* **RECORDS SHOWN**
---------------

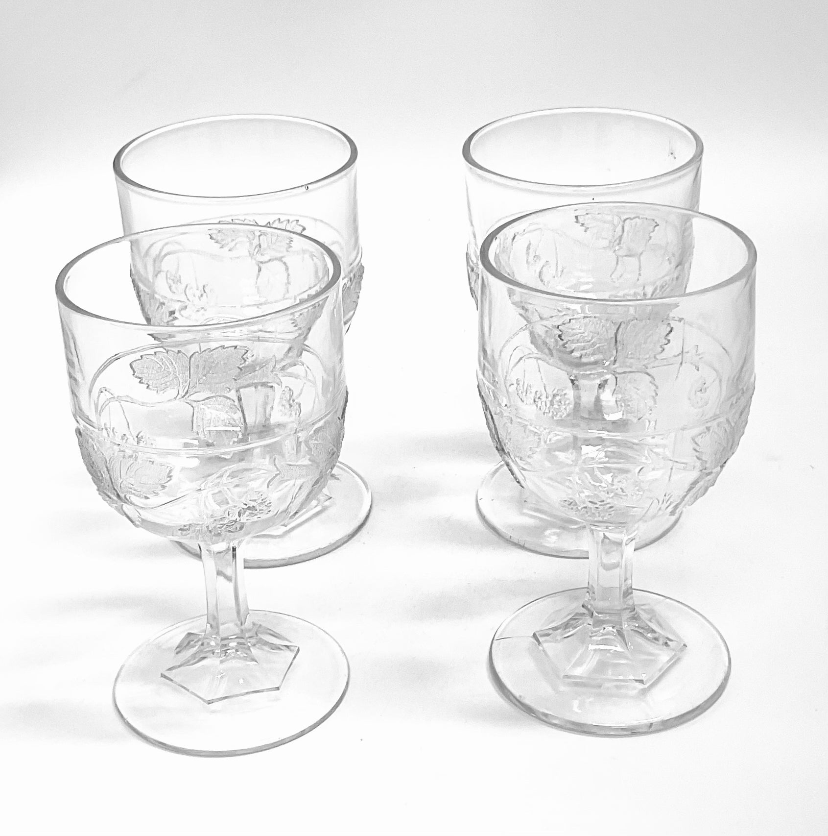 Set of 8 Vintage Stemmed Sherbet Fruit Cups pressed glass with cherry motif
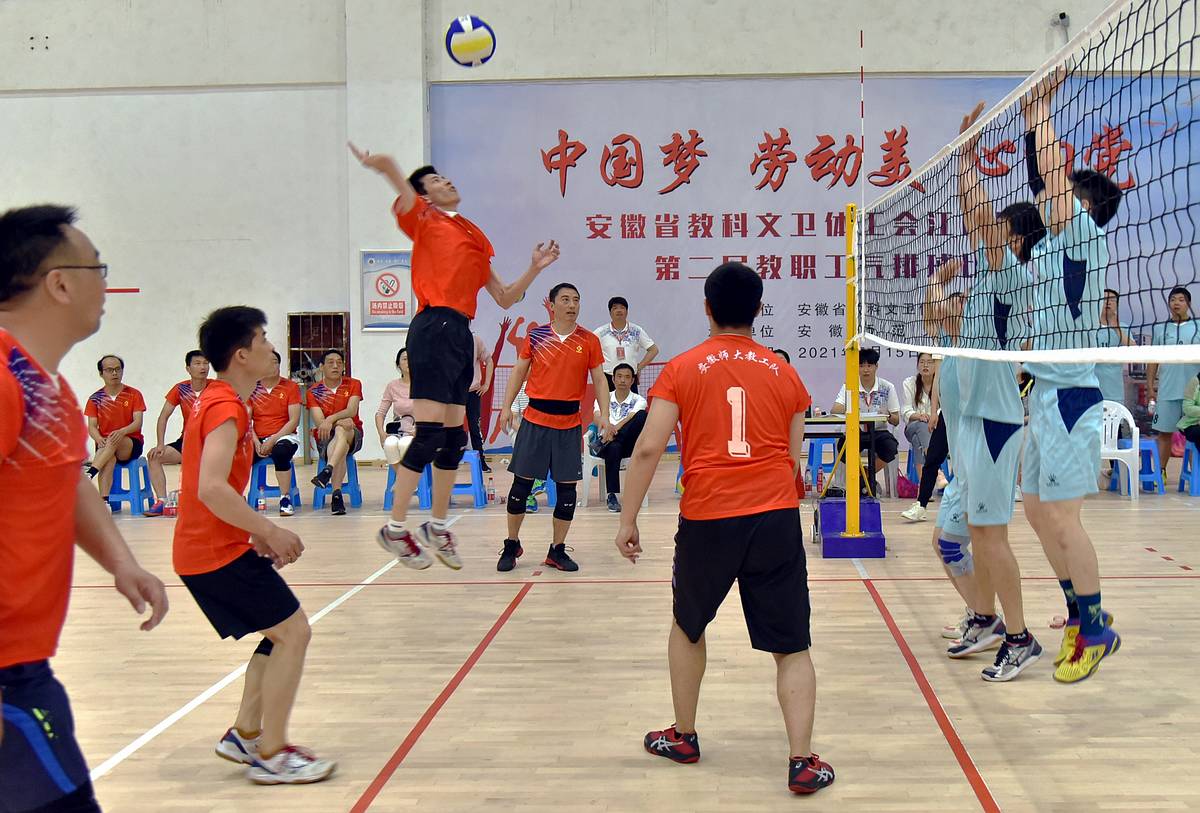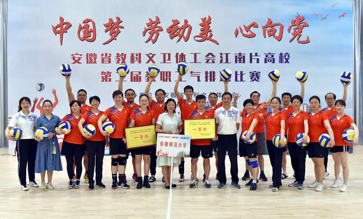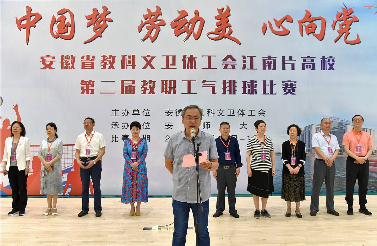 本网讯(校工会李平/文 吴佑平/图)5月15日至16日,安徽省教科文卫体工会江南片高校第二届教职工气排球比赛在我校花津校区北侧体育馆顺利举行。比赛由省教科文卫体工会主办,安徽师范大学承办,江南片高校19支代表队近200名运动员参加了比赛,校党委副书记蒋家平、江南片各高校工会负责人、领队等参加了开幕式,校工会主席、江南片高校工会片长单位负责人余大芹主持仪式。
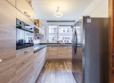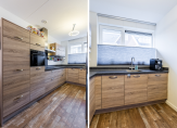 De woonkamer heeft een trapkast en een deur naar de achtertuin met plek voor een heerlijke zithoek en een berging, gelegen op het noordoosten. De open keuken ligt aan de voorzijde van de woning en is voorzien van inbouwapparatuur, zoals een inductiekookplaat, RVS afzuigkap, vaatwasmachine, combi-oven/magnetron en losse koelkast met vriezer.
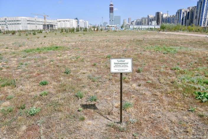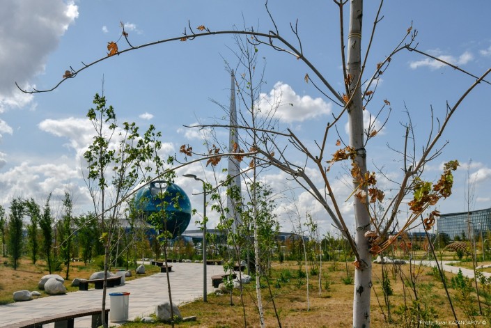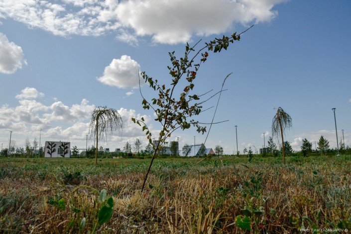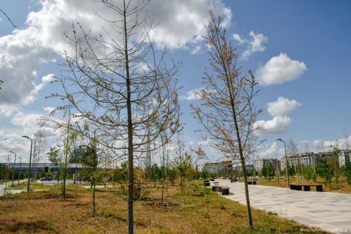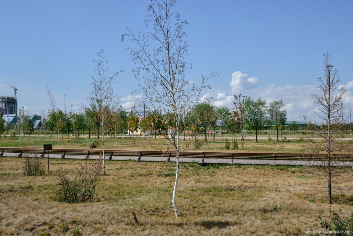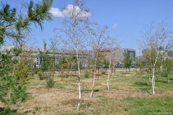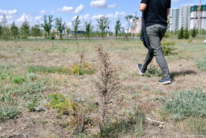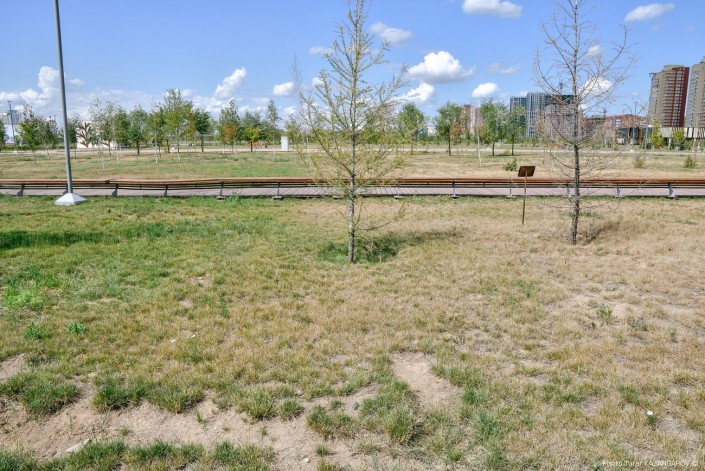 Ботанический сад Нур-Султана. На фото можно заметить, что на одном участке трава и деревья растут хорошо, но в нескольких метрах ситуация обратная.
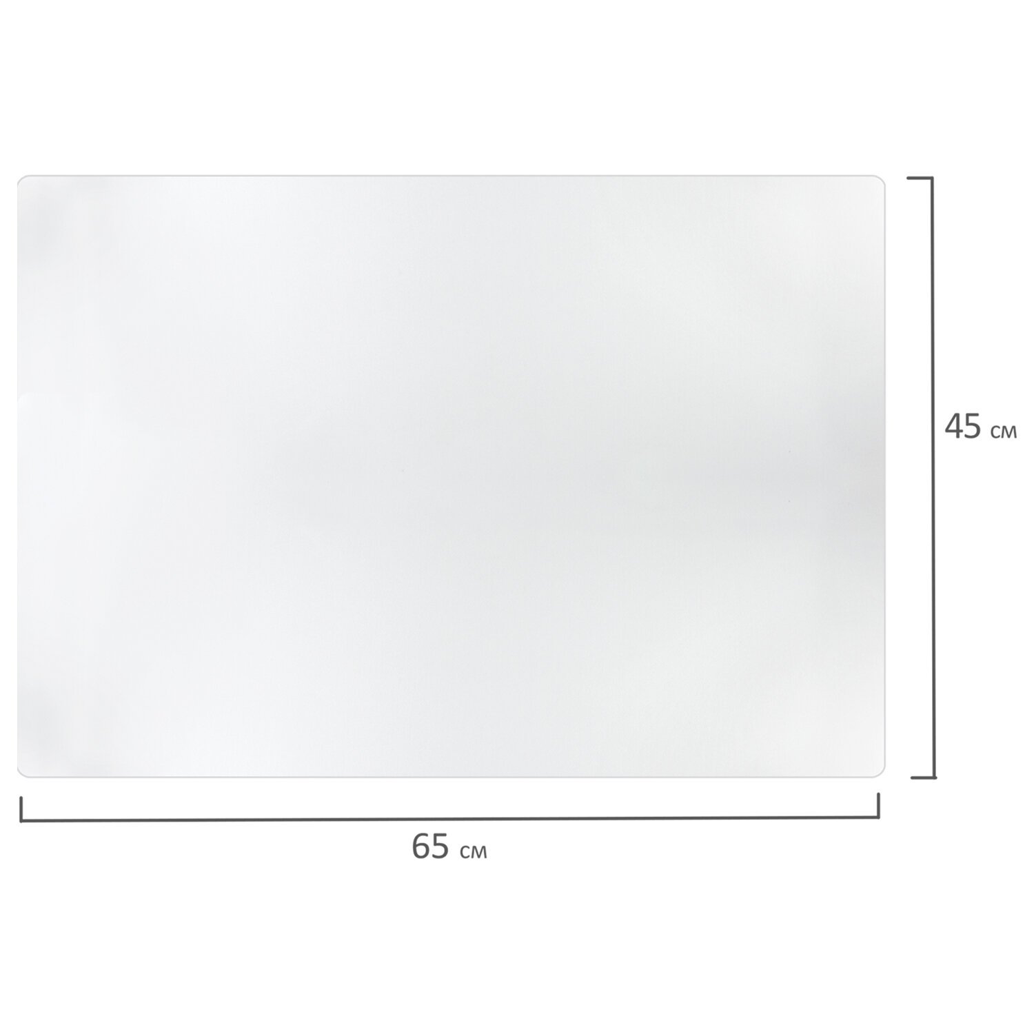 Коврик размером 45х65 см выполнен из полиэтилена. Прочный прозрачный матовый материал толщиной 0,8 мм предохранит столешницу от разного рода повреждений и обеспечит удобство при письме. Поставляется в индивидуальной упаковке.
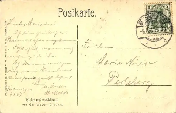 Ak Butjadinge, Leuchtturm Roter Sand, Wesermündung
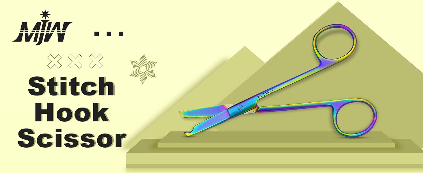 يتميز مقص الغرز بخطاف صغير على شكل هلال على إحدى الحواف وهو مصمم خصيصًا للانزلاق تحت الغرز لرفعها بلطف لسهولة القطع.
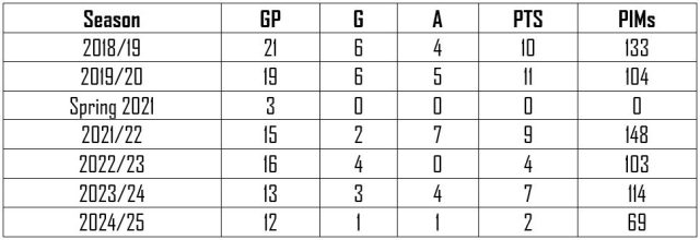 Over this time, Luke has earned a reputation as a hard-working, no-nonsense player who brings grit and determination every time he steps on the ice. He will stand up for his team-mates whenever the need arises, making him a fan favourite and a key character in the locker room.
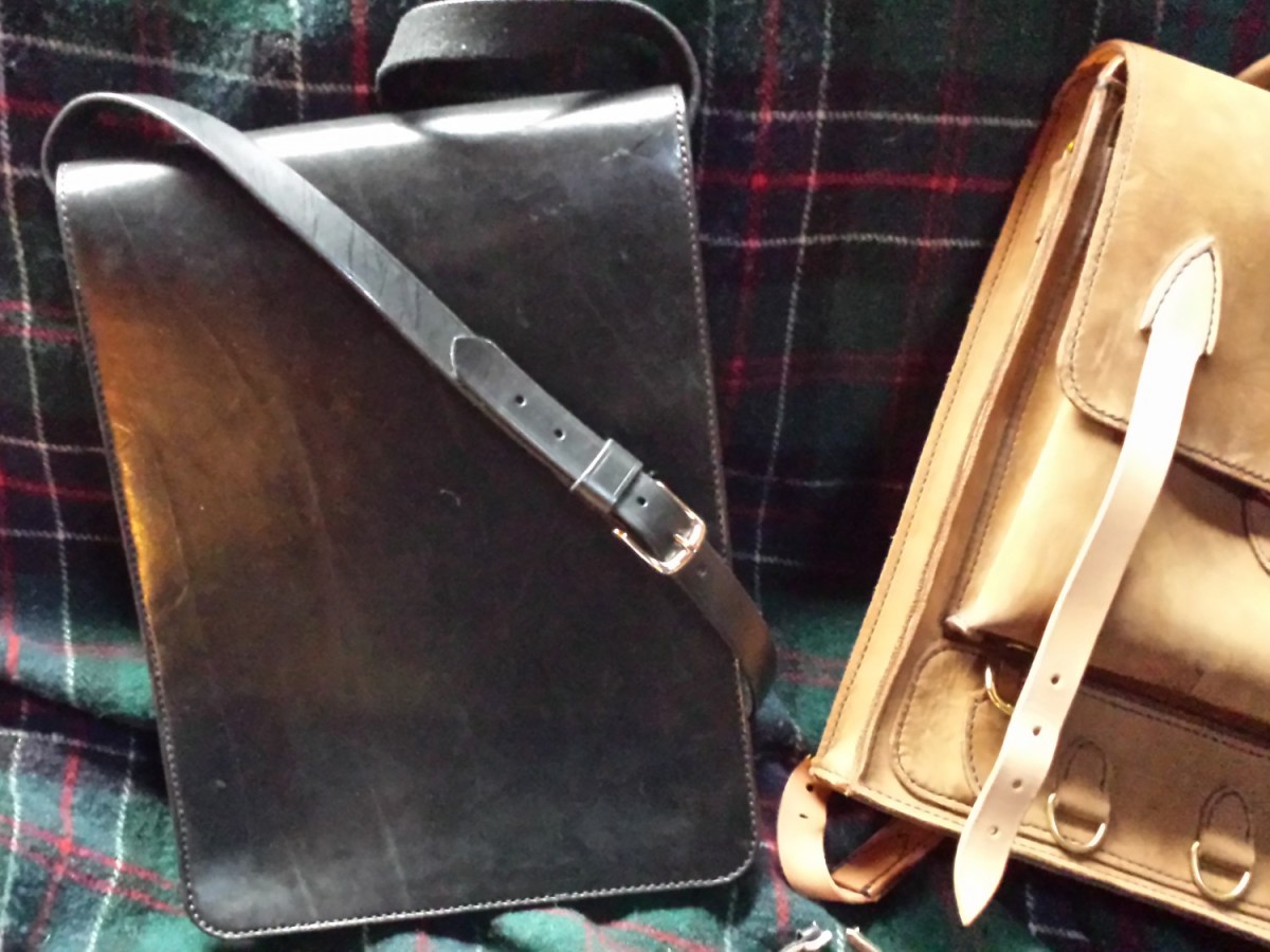 A sabretache was a flat bag that hung next to the light cavalry trooper’s sword. It was use to carry orders across a battlefield. Roman legionaries carried a “loculus,” a kind of cross-body haversack. Today, we carry bags of similar design to carry computers, tablets, books, papers, phones, and any number of things. I prefer to use hand dyed veg tanned leather, hand stitched, and solid brass hardware.
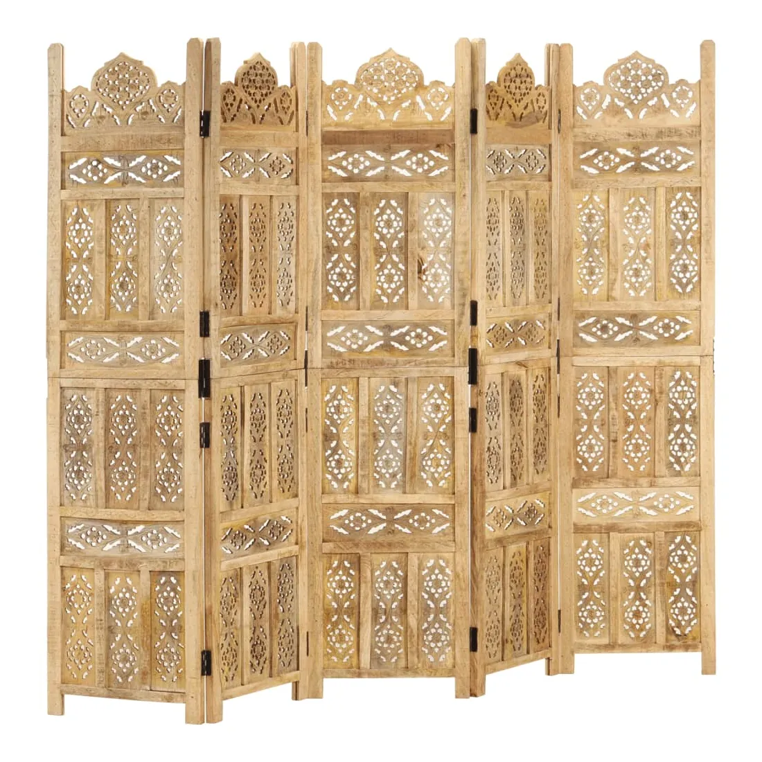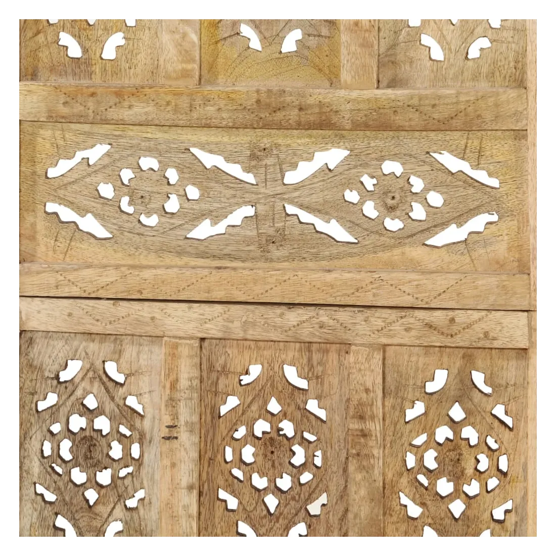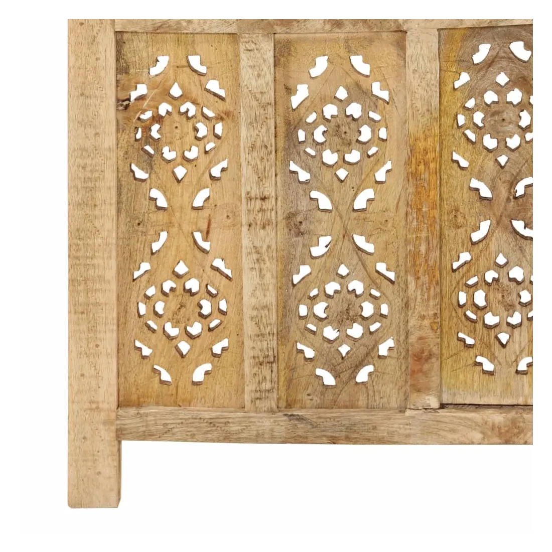 Ajoutez une touche de charme classique à votre intérieur avec notre élégante cloison de séparation sculptée à la main ! Elle est parfaite à placer dans la chambre à coucher pour créer un dressing privé et séparé ou une section d'une partie d'une pièce. De plus, la cloison de séparation présente une construction en bois de manguier massif et est sculptée à la main avec de beaux motifs, ce qui augmente la beauté classique de l'écran d'intimité. Elle peut également être facilement pliée pour économiser de l'espace lorsqu'elle n'est pas utilisée. Le paravent est facile à assembler. Remarque : parce que le produit est fait à la main, de petites différences dans le motif et la couleur peuvent exister.

---------------

* **WHAT YOU HAVE TO DO**
What is needed is an exact copy of the entries, without any images.

* **RESPONSE BELOW**
 Set of 8 Vintage Stemmed Sherbet Fruit Cups pressed glass with cherry motif
 本网讯(校工会李平/文 吴佑平/图)5月15日至16日,安徽省教科文卫体工会江南片高校第二届教职工气排球比赛在我校花津校区北侧体育馆顺利举行。比赛由省教科文卫体工会主办,安徽师范大学承办,江南片高校19支代表队近200名运动员参加了比赛,校党委副书记蒋家平、江南片各高校工会负责人、领队等参加了开幕式,校工会主席、江南片高校工会片长单位负责人余大芹主持仪式。
 De woonkamer heeft een trapkast en een deur naar de achtertuin met plek voor een heerlijke zithoek en een berging, gelegen op het noordoosten. De open keuken ligt aan de voorzijde van de woning en is voorzien van inbouwapparatuur, zoals een inductiekookplaat, RVS afzuigkap, vaatwasmachine, combi-oven/magnetron en losse koelkast met vriezer.
 Ботанический сад Нур-Султана. На фото можно заметить, что на одном участке трава и деревья растут хорошо, но в нескольких метрах ситуация обратная.
 Коврик размером 45х65 см выполнен из полиэтилена. Прочный прозрачный матовый материал толщиной 0,8 мм предохранит столешницу от разного рода повреждений и обеспечит удобство при письме. Поставляется в индивидуальной упаковке.
 Ak Butjadinge, Leuchtturm Roter Sand, Wesermündung
 يتميز مقص الغرز بخطاف صغير على شكل هلال على إحدى الحواف وهو مصمم خصيصًا للانزلاق تحت الغرز لرفعها بلطف لسهولة القطع.
 Over this time, Luke has earned a reputation as a hard-working, no-nonsense player who brings grit and determination every time he steps on the ice. He will stand up for his team-mates whenever the need arises, making him a fan favourite and a key character in the locker room.
 A sabretache was a flat bag that hung next to the light cavalry trooper’s sword. It was use to carry orders across a battlefield. Roman legionaries carried a “loculus,” a kind of cross-body haversack. Today, we carry bags of similar design to carry computers, tablets, books, papers, phones, and any number of things. I prefer to use hand dyed veg tanned leather, hand stitched, and solid brass hardware.
 Ajoutez une touche de charme classique à votre intérieur avec notre élégante cloison de séparation sculptée à la main ! Elle est parfaite à placer dans la chambre à coucher pour créer un dressing privé et séparé ou une section d'une partie d'une pièce. De plus, la cloison de séparation présente une construction en bois de manguier massif et est sculptée à la main avec de beaux motifs, ce qui augmente la beauté classique de l'écran d'intimité. Elle peut également être facilement pliée pour économiser de l'espace lorsqu'elle n'est pas utilisée. Le paravent est facile à assembler. Remarque : parce que le produit est fait à la main, de petites différences dans le motif et la couleur peuvent exister.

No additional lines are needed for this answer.